Merged today to Mesa 26.1-devel is unifying of the AMD video decode implementation between the RadeonSI Gallium3D and RADV Vulkan drivers.
GPU-accelerated video decoding on the AMD open-source driver stack has traditionally been done with the RadeonSI Gallium3D driver using the video acceleration “VA” state tracker for VA-API support. The RADV Vulkan driver has been supporting Vulkan Video and that cross-platform video encode/decode API is beginning to see more adoption by different applications as well as maturing of the implementations by Vulkan drivers. Now thankfully the AMD video decode implementation is being unified between RadeonSI and RADV for video acceleration.

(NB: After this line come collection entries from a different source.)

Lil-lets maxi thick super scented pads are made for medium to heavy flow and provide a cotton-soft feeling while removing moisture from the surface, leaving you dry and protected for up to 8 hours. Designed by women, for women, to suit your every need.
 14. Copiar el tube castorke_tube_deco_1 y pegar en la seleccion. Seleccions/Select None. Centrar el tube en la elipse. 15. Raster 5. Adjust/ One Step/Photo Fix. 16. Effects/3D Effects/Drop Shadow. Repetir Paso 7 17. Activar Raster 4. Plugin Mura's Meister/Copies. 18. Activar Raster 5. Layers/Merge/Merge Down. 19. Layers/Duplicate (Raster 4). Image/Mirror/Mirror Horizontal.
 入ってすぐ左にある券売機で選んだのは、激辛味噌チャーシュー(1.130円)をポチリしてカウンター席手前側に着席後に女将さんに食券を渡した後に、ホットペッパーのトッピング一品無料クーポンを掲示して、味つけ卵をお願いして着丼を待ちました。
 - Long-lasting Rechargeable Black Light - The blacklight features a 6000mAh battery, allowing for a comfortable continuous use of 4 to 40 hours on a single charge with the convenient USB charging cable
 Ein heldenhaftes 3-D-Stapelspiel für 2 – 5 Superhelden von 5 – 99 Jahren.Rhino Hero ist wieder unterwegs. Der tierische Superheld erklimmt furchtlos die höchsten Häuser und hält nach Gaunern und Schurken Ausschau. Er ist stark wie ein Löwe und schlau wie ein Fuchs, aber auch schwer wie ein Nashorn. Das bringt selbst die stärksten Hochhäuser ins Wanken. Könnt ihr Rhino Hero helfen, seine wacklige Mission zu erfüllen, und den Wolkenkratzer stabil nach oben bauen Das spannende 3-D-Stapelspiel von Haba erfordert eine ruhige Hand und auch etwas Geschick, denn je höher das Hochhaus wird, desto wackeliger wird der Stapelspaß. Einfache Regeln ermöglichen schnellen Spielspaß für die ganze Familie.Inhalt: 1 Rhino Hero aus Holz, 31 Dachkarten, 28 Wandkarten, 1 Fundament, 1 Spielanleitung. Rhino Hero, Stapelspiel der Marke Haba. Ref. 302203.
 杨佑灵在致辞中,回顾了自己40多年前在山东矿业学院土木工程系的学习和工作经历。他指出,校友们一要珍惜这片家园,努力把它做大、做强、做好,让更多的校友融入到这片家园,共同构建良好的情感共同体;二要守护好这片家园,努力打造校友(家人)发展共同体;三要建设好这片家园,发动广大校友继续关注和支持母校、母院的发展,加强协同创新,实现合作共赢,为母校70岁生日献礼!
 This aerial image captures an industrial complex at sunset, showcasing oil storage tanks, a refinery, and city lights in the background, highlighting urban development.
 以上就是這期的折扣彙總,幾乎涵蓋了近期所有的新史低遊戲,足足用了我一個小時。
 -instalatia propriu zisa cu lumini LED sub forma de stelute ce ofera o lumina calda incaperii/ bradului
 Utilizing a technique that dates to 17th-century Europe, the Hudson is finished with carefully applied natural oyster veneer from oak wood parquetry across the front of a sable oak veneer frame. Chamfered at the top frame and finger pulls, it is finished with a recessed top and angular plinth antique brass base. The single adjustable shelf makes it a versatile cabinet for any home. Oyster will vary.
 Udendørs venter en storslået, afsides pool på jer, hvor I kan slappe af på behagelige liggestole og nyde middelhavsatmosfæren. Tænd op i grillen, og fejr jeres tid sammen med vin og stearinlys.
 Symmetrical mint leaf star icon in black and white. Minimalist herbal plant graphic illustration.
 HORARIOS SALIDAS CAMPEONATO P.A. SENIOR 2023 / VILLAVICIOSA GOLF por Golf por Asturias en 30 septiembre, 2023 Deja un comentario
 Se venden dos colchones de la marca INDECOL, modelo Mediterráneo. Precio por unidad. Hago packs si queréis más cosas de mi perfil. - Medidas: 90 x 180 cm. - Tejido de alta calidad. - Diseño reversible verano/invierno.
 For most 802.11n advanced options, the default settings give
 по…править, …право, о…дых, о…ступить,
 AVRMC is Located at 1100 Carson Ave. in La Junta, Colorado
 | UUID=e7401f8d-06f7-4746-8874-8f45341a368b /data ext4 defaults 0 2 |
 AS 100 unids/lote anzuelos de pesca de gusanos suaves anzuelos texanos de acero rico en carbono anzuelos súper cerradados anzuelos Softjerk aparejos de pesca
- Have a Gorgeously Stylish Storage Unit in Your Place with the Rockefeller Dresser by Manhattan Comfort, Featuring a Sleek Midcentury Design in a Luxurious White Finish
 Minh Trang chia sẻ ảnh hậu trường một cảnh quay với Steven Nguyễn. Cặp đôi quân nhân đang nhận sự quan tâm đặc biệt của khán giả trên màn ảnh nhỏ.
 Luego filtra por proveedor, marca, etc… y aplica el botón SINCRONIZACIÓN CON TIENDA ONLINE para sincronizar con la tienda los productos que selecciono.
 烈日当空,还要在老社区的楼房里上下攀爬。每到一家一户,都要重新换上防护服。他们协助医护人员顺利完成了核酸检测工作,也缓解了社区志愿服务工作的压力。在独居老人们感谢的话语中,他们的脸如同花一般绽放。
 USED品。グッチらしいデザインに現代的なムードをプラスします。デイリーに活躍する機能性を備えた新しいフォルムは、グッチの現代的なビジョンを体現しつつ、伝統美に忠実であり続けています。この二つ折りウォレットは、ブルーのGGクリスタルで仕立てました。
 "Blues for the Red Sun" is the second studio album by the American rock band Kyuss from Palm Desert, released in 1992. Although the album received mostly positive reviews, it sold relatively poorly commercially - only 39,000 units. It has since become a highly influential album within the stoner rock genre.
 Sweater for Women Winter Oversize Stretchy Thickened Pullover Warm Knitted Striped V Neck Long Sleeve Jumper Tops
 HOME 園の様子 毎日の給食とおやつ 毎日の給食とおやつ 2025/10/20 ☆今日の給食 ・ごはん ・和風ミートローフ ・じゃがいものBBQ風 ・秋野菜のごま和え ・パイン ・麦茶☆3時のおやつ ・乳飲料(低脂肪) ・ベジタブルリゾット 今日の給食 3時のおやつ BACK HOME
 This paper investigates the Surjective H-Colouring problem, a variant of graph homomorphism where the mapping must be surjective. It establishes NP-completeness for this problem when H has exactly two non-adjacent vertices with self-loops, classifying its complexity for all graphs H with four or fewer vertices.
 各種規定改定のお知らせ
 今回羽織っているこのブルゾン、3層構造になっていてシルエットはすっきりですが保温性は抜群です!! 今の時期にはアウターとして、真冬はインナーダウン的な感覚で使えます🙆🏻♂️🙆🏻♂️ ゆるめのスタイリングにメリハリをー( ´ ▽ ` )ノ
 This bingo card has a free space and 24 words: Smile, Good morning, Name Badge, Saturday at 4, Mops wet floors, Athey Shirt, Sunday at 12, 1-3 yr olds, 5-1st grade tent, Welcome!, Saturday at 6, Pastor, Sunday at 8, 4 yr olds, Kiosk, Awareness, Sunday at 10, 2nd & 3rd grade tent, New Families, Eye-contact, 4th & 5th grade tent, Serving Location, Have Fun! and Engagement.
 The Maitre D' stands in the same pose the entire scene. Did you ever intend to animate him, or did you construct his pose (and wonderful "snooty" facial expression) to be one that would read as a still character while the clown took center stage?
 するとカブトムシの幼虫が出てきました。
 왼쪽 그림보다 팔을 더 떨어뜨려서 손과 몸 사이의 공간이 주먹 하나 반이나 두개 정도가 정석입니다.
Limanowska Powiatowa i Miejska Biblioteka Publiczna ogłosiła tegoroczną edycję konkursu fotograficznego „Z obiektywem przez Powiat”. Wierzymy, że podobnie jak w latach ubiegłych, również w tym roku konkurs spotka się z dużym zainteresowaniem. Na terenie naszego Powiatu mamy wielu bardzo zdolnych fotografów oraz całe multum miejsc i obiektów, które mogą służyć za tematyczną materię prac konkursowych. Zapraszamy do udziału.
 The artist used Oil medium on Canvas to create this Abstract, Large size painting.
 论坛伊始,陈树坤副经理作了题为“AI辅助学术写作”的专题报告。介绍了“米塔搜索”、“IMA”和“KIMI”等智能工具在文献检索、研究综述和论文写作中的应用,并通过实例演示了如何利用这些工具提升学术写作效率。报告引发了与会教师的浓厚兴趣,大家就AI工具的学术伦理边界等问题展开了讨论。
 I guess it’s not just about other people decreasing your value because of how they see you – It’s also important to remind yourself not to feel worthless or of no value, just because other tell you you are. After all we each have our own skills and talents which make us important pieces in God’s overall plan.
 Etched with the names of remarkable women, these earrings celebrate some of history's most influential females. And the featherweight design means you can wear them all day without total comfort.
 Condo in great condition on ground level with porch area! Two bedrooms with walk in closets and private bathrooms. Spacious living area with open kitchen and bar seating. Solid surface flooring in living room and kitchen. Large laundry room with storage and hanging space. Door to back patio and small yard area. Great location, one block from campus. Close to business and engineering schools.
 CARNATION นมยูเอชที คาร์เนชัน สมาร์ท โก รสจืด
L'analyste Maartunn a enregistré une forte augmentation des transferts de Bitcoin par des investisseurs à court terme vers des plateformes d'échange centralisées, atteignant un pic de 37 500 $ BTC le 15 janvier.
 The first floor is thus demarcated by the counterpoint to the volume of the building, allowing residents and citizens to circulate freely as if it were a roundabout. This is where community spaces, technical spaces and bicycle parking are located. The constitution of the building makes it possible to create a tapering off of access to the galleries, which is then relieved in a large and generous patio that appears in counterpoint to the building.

David Rosca of AMD who has been leading many of the open-source Radeon Linux video acceleration improvements devised a shared video decode implementation. This common video decode interface for AMD graphics hardware is used now by both RadeonSI and RADV while covering the Video Core Next (VCN), VCN JPEG, and Unified Video Decode (UVD) engines.
As an immediate initial benefit of this shared implementation is RADV Vulkan Video now being supported on aging Hawaii GPUs and older.
More details on this new AMD shared video decode implementation via this merge now part of Mesa 26.1 for its stable debut in Q2. This unified implementation shifts around more than six thousand lines of code but ends up reducing the line count by around 1.4k lines in the end.